Once you understand this, the actions of central banks become crystal clear: they deliberately maintain structurally low interest rates and tolerate higher inflation to ease the burden on governments.
Believing that governments in aging societies will suddenly slash deficits and meaningfully reduce debt levels is simply naive. Low rates and persistent inflation are in fact the slow death of pensions, traditional savings, bonds, and the classic 60/40 portfolio, which has become hopelessly obsolete.
The solution? It is deceptively simple.
When money, inflation, and debt are abundant, you must store value in what remains scarce — classic Ferraris, Van Gogh paintings, fine wine… and, even better, scarce financial assets such as gold and bitcoin.
Will this debt-driven system collapse? Not necessarily.
But what if the real adjustment is different? What if the value of gold and bitcoin rises exponentially relative to the “value” of fiat money and debt? For thousands of years, societies functioned with money backed by real value. We may be witnessing today the Great Rebalancing.

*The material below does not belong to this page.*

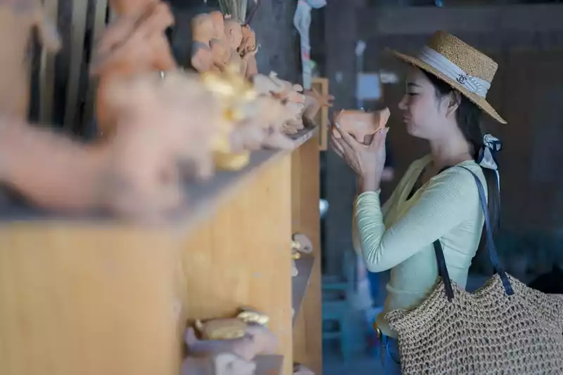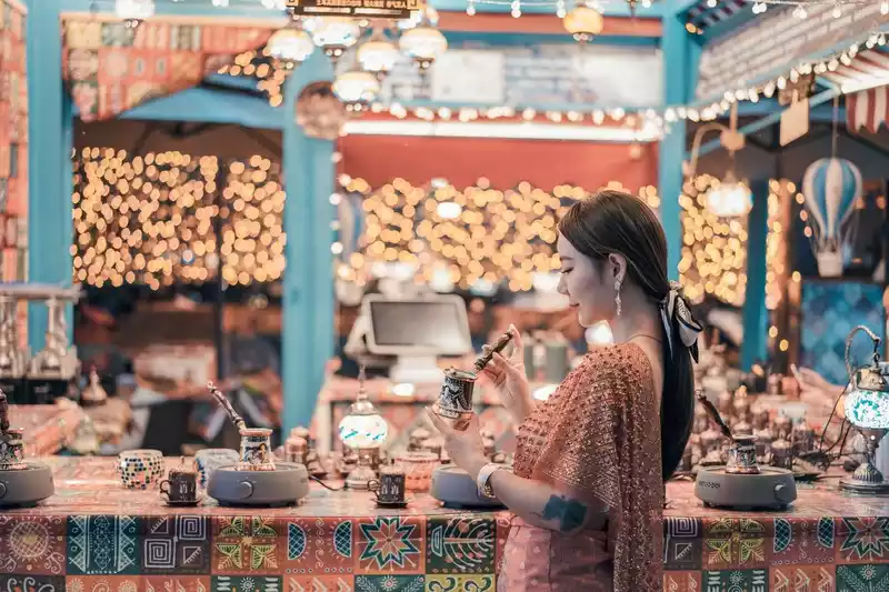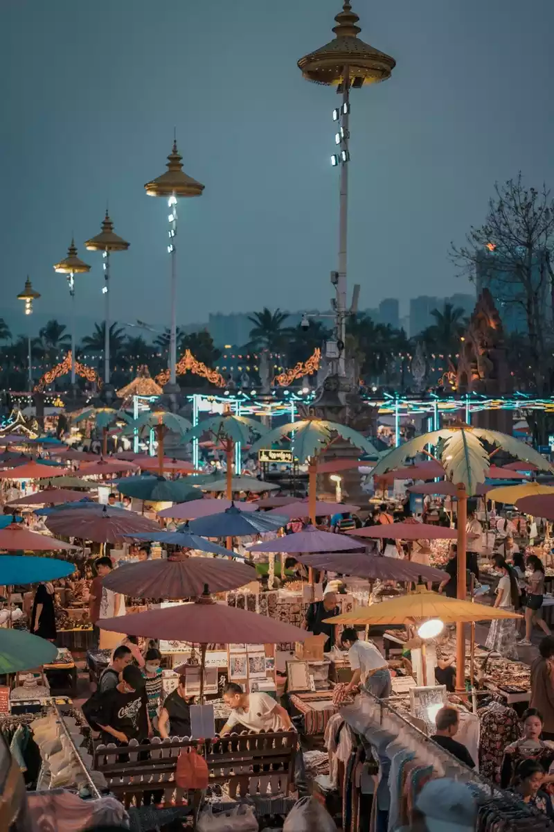 The first thing you feel when you come to Gaozhuang is the obvious exotic customs, but these exotic customs are not just a single one. They are not just a collection of objects, but also a collection and blend of cultures. Creative stalls from China , Thailand , Laos , Vietnam ;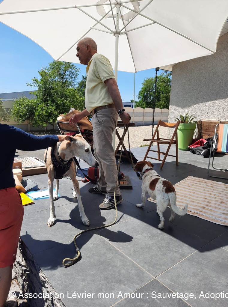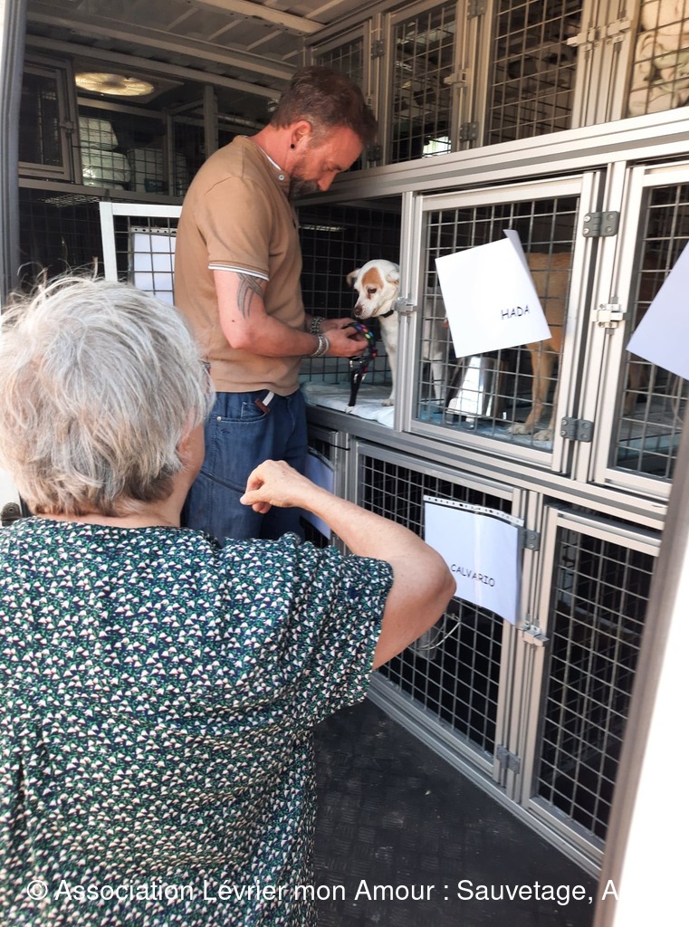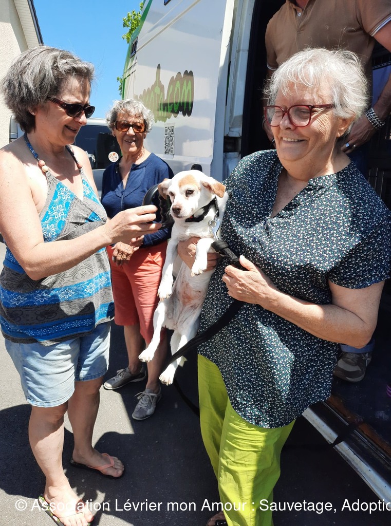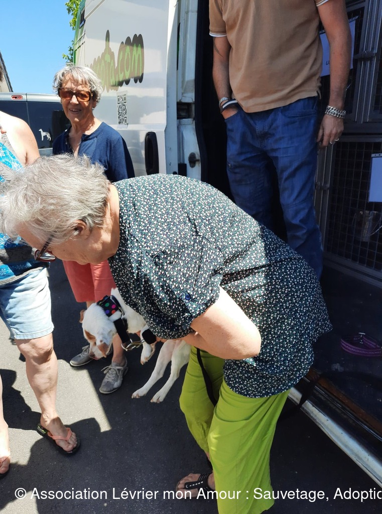 Nous prenons notre temps pour mettre à chaque loulou leur collier et leur harnais sécurisé ; les conversations autour de nos petits protégés vont bon train et pour certains « anciens » adoptants comme Michèle ( qui prend Calvario en accueil) ainsi que Marie-Francoise et Antoine (qui adoptent ensemble Sindy, Tango, Luna et Chico pour le grand bonheur de leur papy Odin) ce sont des supers et joyeuses retrouvailles. Sans oublier Jane et Geofroy pour l’adoption double de Blanco et Jaimito qui ont le bonheur de rester ensemble. Nous n'oublions pas petite crevette podenquita Hada, ni Roma et Luz qui sont très attendues dans leur famille. Merci Catherine notre Gerçoise pour l’adoption de Linda, et tous les adoptants de notre belle asso LMA.

Yet the vast majority of investors are completely unprepared. Endowments, family offices, financial advisors, insurers, pension funds, and sovereign wealth funds remain heavily invested in stocks and bonds. Private equity and private debt are often just riskier, less liquid versions of the same exposure.
This analysis is Jeroen Blokland analysis.

I do not share Jeroen Blokland’s analysis — not because it is wrong or illogical, but because it is outdated.
Fiscal dominance was yesterday. Surging deficits, uncontrolled spending, and the political impossibility of stopping debt accumulation did impose classic fiscal dominance: continuously falling rates down to zero, financial repression with negative rates, debt monetization through revolving doors and other tricks.
But that phase has produced a massive side effect: an unprecedented financial asset bubble, far larger than the real economy’s cash flows can support. This mountain of assets is inherently unstable and fragile. Its value can collapse from the smallest shock. To keep it standing, it is no longer enough for “everything to go well.” Whenever anything is less than perfect, authorities must flood the system with liquidity to stabilize the pyramid.
We have moved beyond fiscal dominance.
We have entered the era of financial and market dominance.
The asset pyramid now dictates policy. The Bubble is in charge.
Conclusion We have shifted from a world where debt constrained policy to a world where the Bubble constrains everything else.
Debt sustainability is now merely a pretext.
The real objective has become bubble sustainability.
As long as this pyramid holds, authorities will have no choice but to feed it — whatever the cost in distortions, injustice, and destruction of savings. But the day it wobbles — and it will wobble — it will not be a simple market correction. It will be the end of an entire monetary and financial regime.
At that point, those who understood that the Bubble, not the State, is the new master — and who positioned themselves accordingly — will survive. The others will discover, too late, that you do not negotiate with a bubble. You endure it.
The Bubble commands. Prepare accordingly.